** STORED DATA follows **
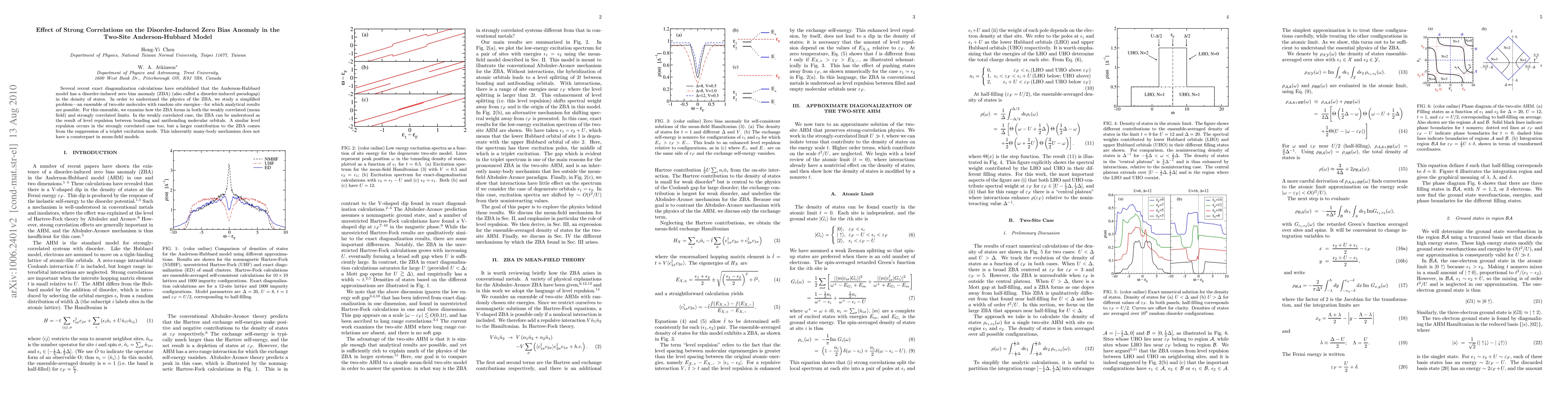 This paper investigates the disorder-induced zero bias anomaly (ZBA) in the two-site Anderson-Hubbard model, showing that while level repulsion explains the ZBA in weakly correlated systems, strong correlations additionally suppress triplet excitations, a many-body effect absent in mean-field models.
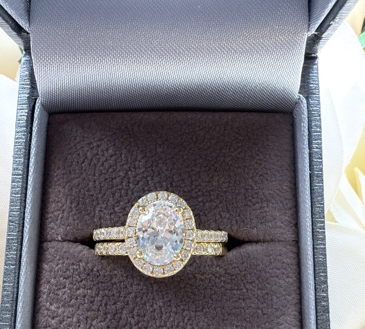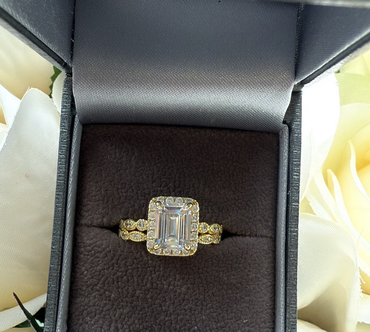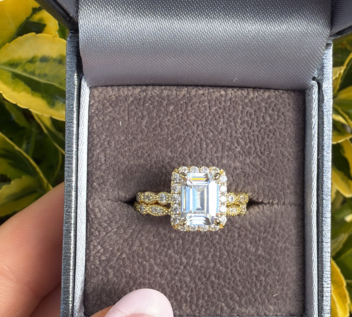 The Vienna Set – Emerald-Cut Halo Ring Duo Sterling Silver Gold Plated
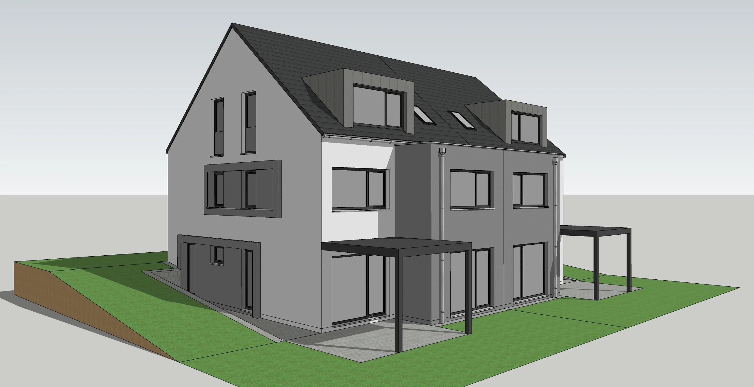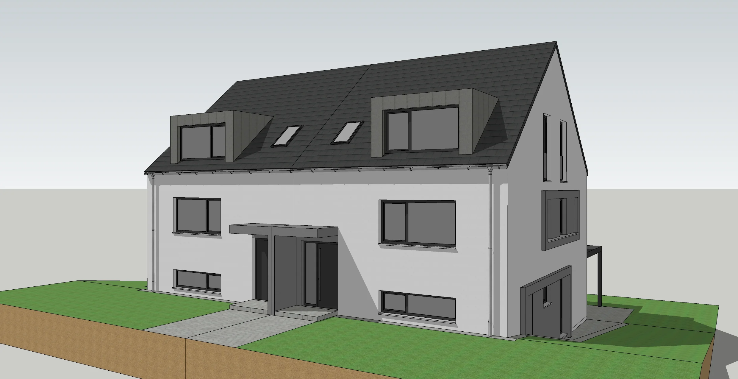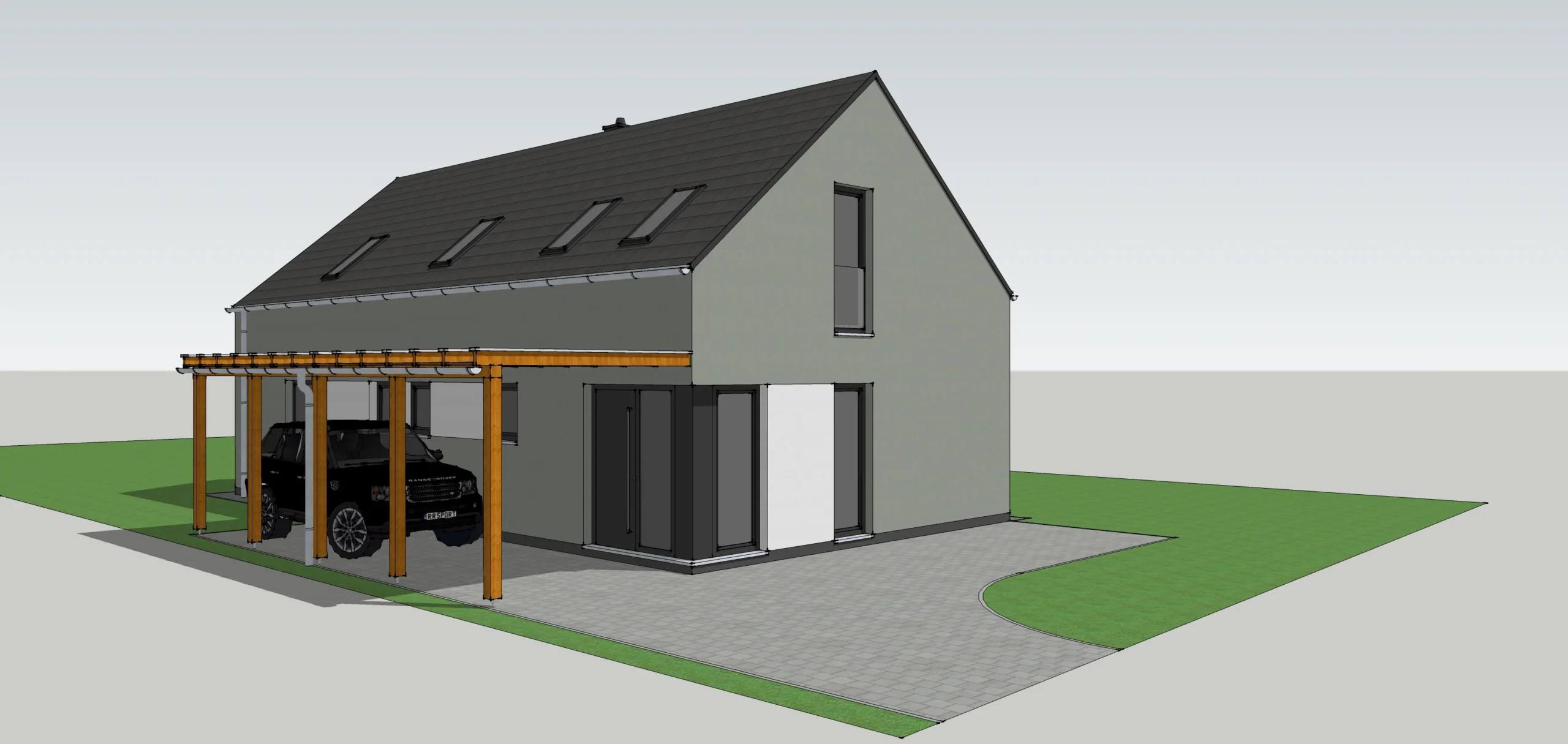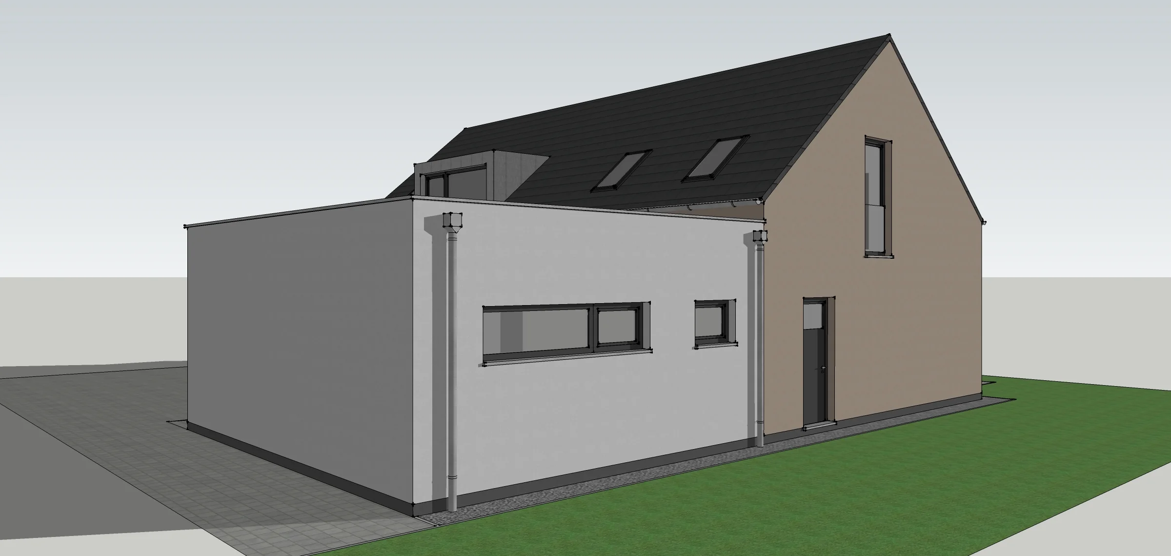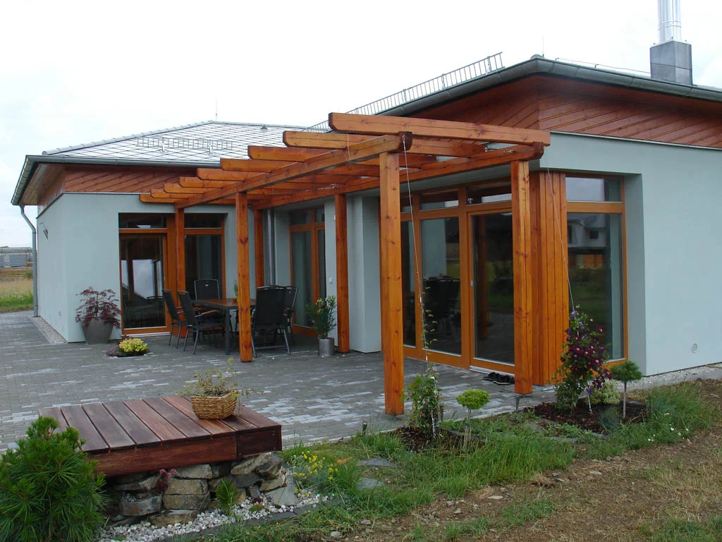 Novostavba rodinného domu má obdélníkový půdorys, který kopíruje tvar pozemku. Sestává z hlavní obytné části s moderními arkýři, samostatně stojící dvojgaráže na severní straně a zastřešené pergoly orientované na jih.
** End of STORED DATA **
ACTIVITY: The lines wanted run from the one with "The Vienna Set" through the final line of the data; repeat them word for word and skip every picture.

FINAL ANSWER:
 The Vienna Set – Emerald-Cut Halo Ring Duo Sterling Silver Gold Plated
 Novostavba rodinného domu má obdélníkový půdorys, který kopíruje tvar pozemku. Sestává z hlavní obytné části s moderními arkýři, samostatně stojící dvojgaráže na severní straně a zastřešené pergoly orientované na jih.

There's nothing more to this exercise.